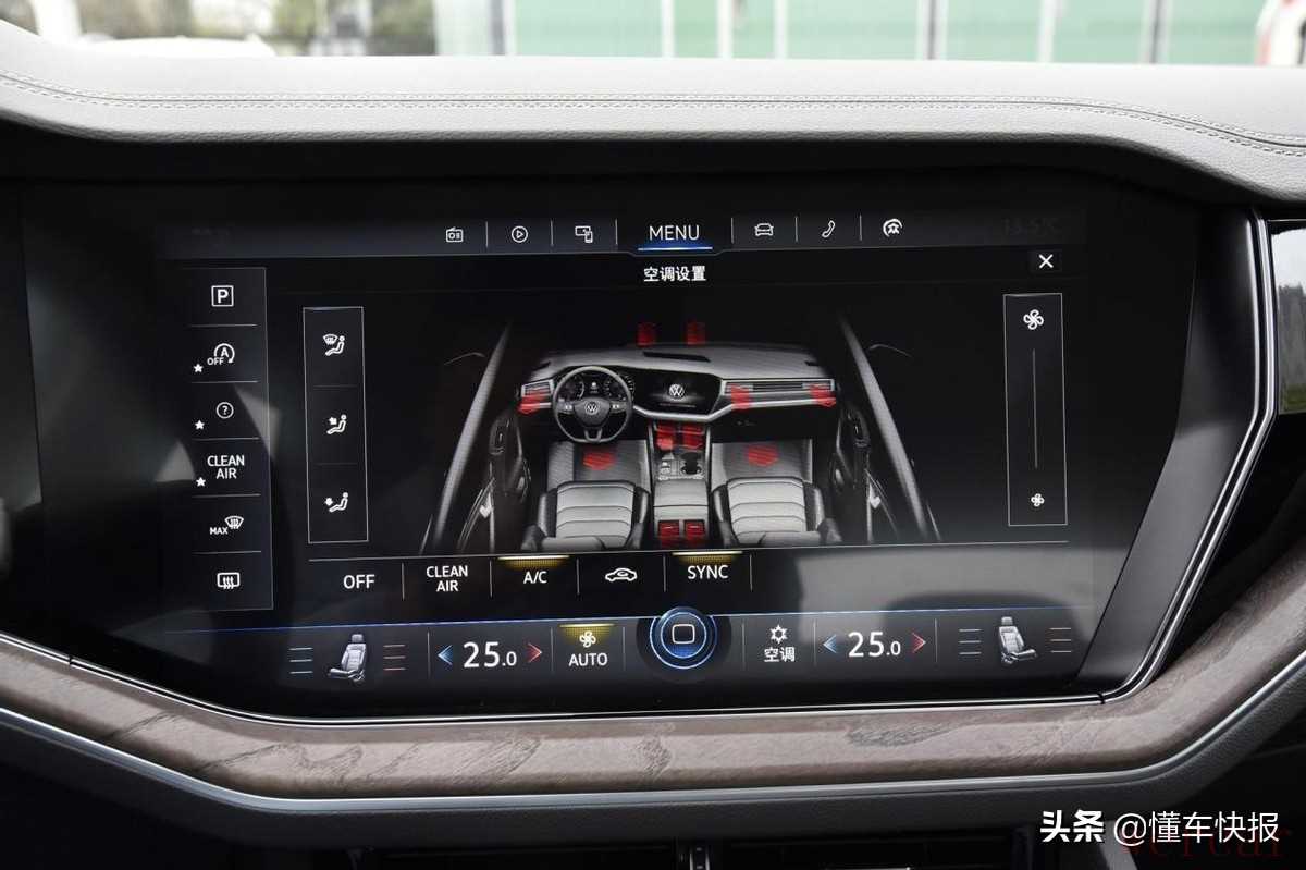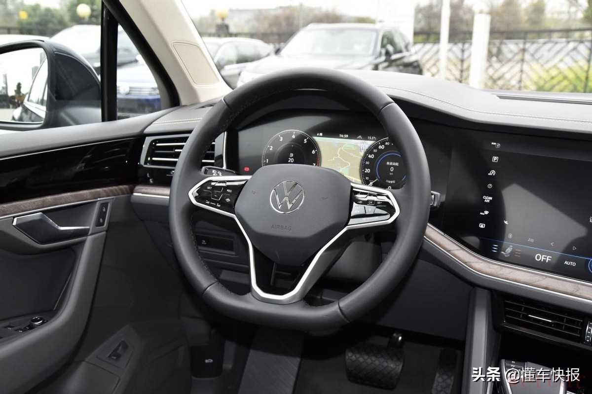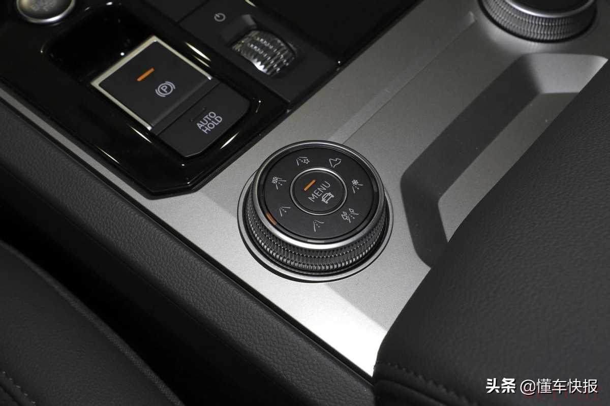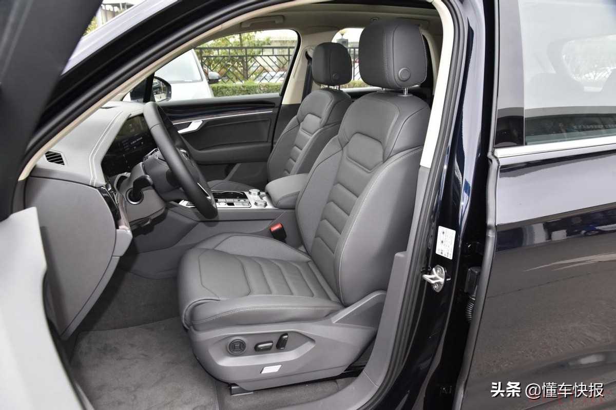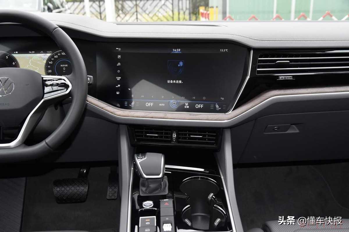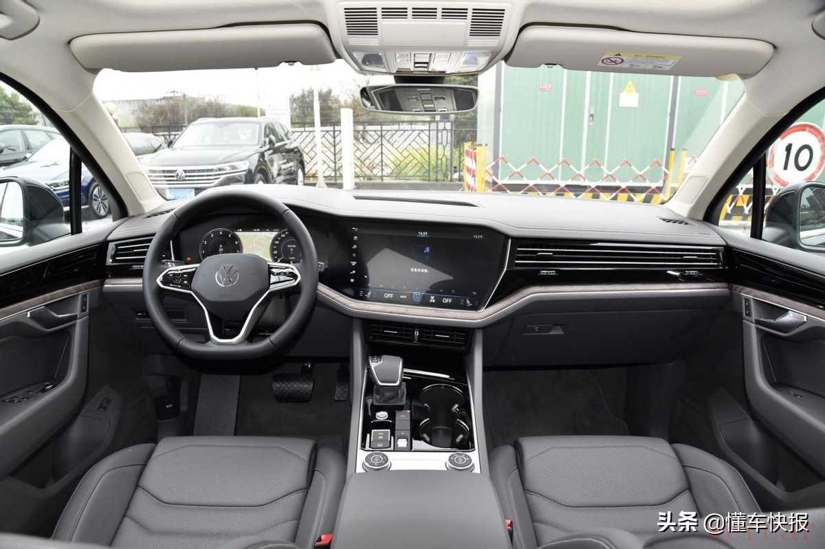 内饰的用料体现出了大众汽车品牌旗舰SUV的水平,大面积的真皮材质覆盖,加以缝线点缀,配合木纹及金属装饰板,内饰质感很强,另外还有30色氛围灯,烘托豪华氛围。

...

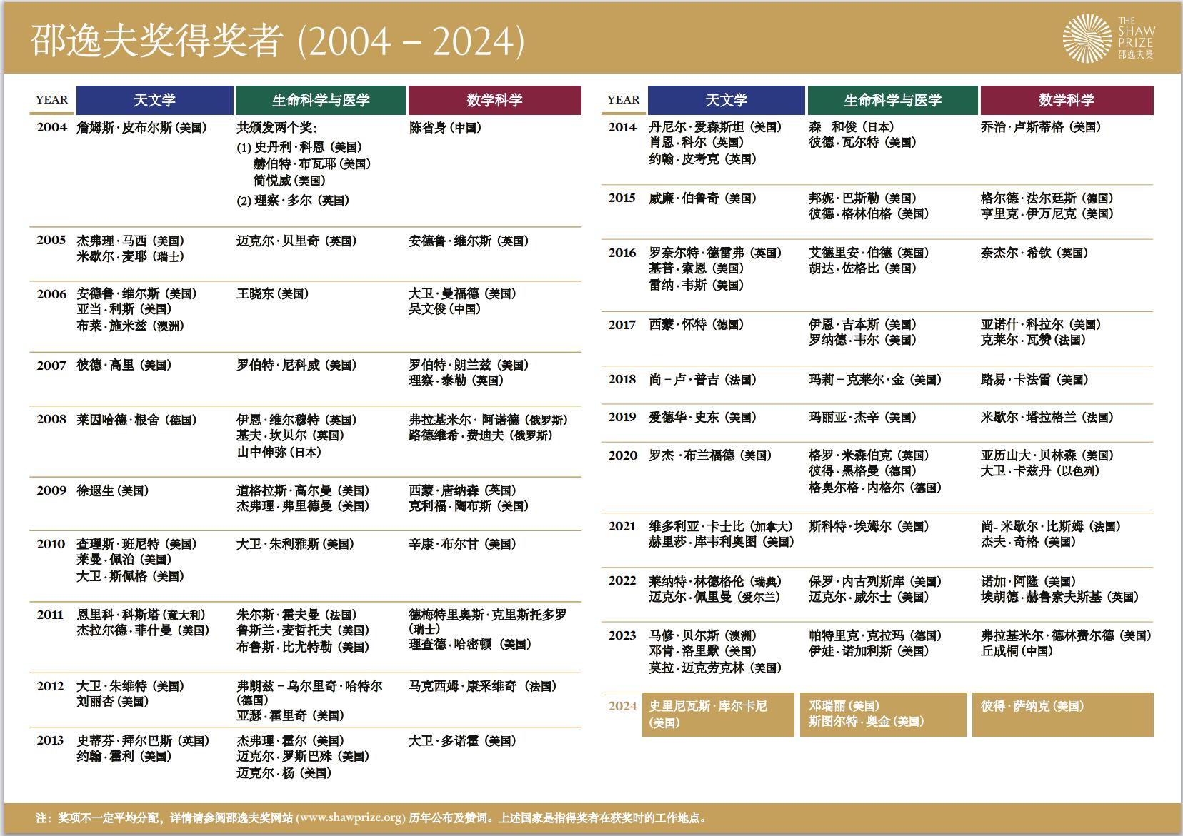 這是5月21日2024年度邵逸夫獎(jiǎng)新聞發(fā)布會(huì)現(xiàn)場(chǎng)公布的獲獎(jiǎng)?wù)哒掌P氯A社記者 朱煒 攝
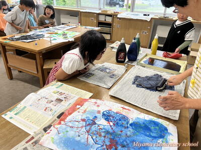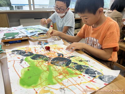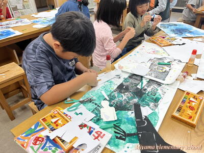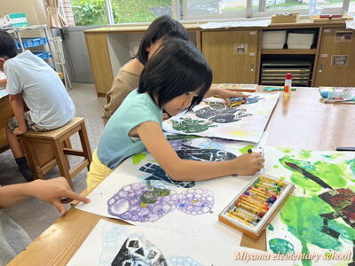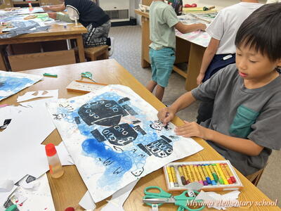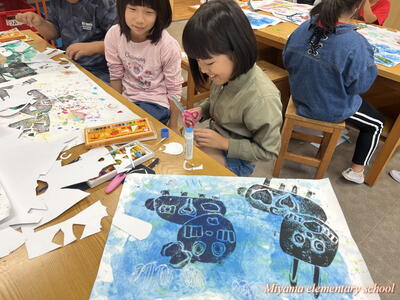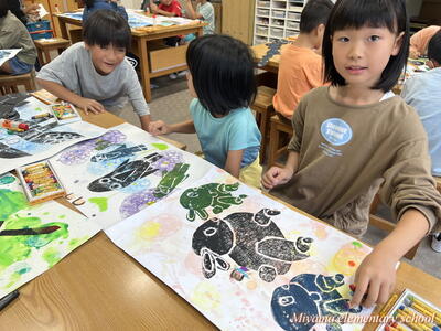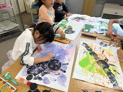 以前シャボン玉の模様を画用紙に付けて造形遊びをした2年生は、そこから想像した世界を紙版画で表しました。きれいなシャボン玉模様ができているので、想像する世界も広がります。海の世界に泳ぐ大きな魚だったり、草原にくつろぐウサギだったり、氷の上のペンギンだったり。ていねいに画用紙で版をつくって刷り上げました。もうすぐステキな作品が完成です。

* * *

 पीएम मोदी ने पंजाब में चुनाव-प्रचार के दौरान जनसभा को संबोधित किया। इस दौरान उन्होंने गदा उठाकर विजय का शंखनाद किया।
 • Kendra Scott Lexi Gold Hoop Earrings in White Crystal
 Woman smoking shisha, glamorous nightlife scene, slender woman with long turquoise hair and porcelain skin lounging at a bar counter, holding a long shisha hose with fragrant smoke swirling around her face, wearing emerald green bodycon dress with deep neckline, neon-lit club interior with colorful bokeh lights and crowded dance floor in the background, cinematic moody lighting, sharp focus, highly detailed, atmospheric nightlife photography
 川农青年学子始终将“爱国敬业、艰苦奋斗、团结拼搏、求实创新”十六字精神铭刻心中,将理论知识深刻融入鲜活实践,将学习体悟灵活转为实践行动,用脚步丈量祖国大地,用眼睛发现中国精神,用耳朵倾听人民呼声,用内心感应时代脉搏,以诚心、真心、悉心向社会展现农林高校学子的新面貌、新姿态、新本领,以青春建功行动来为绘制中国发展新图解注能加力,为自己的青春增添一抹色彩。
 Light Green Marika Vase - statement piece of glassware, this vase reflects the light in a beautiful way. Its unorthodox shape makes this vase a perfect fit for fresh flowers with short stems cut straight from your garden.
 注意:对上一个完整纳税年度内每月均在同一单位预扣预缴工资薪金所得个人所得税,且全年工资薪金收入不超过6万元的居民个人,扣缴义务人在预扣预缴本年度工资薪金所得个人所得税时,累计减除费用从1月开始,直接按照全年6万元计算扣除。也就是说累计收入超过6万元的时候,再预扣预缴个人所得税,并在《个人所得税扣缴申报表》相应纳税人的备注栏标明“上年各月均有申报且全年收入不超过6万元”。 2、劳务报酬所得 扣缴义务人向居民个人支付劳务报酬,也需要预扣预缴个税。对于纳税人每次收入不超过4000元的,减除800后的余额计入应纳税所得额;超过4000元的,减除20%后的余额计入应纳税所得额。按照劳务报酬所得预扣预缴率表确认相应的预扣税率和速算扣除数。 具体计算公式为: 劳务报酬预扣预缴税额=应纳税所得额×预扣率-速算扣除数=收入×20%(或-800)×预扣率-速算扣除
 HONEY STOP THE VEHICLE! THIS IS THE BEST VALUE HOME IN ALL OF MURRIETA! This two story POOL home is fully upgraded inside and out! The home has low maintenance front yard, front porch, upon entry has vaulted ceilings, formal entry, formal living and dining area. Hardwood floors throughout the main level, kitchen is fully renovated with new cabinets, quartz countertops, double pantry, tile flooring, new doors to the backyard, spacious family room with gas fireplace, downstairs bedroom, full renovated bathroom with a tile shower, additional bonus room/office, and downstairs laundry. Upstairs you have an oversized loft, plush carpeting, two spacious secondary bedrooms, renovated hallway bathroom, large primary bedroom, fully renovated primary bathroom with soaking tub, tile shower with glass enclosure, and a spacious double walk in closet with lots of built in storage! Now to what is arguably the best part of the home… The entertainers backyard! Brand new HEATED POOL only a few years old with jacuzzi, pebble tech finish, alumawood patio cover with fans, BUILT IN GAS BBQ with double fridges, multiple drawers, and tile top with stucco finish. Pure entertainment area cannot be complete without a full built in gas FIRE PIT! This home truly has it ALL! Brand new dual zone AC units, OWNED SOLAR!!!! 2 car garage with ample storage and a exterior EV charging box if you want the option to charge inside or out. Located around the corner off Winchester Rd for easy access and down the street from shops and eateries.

EXERCISE OBJECTIVE =
Return, with no change at all, every line in the entries above from the line containing "Woman smoking shisha, glamorous" through the line containing "Light Green Marika".

TASK SOLUTION =
 Woman smoking shisha, glamorous nightlife scene, slender woman with long turquoise hair and porcelain skin lounging at a bar counter, holding a long shisha hose with fragrant smoke swirling around her face, wearing emerald green bodycon dress with deep neckline, neon-lit club interior with colorful bokeh lights and crowded dance floor in the background, cinematic moody lighting, sharp focus, highly detailed, atmospheric nightlife photography
 川农青年学子始终将“爱国敬业、艰苦奋斗、团结拼搏、求实创新”十六字精神铭刻心中,将理论知识深刻融入鲜活实践,将学习体悟灵活转为实践行动,用脚步丈量祖国大地,用眼睛发现中国精神,用耳朵倾听人民呼声,用内心感应时代脉搏,以诚心、真心、悉心向社会展现农林高校学子的新面貌、新姿态、新本领,以青春建功行动来为绘制中国发展新图解注能加力,为自己的青春增添一抹色彩。
 Light Green Marika Vase - statement piece of glassware, this vase reflects the light in a beautiful way. Its unorthodox shape makes this vase a perfect fit for fresh flowers with short stems cut straight from your garden.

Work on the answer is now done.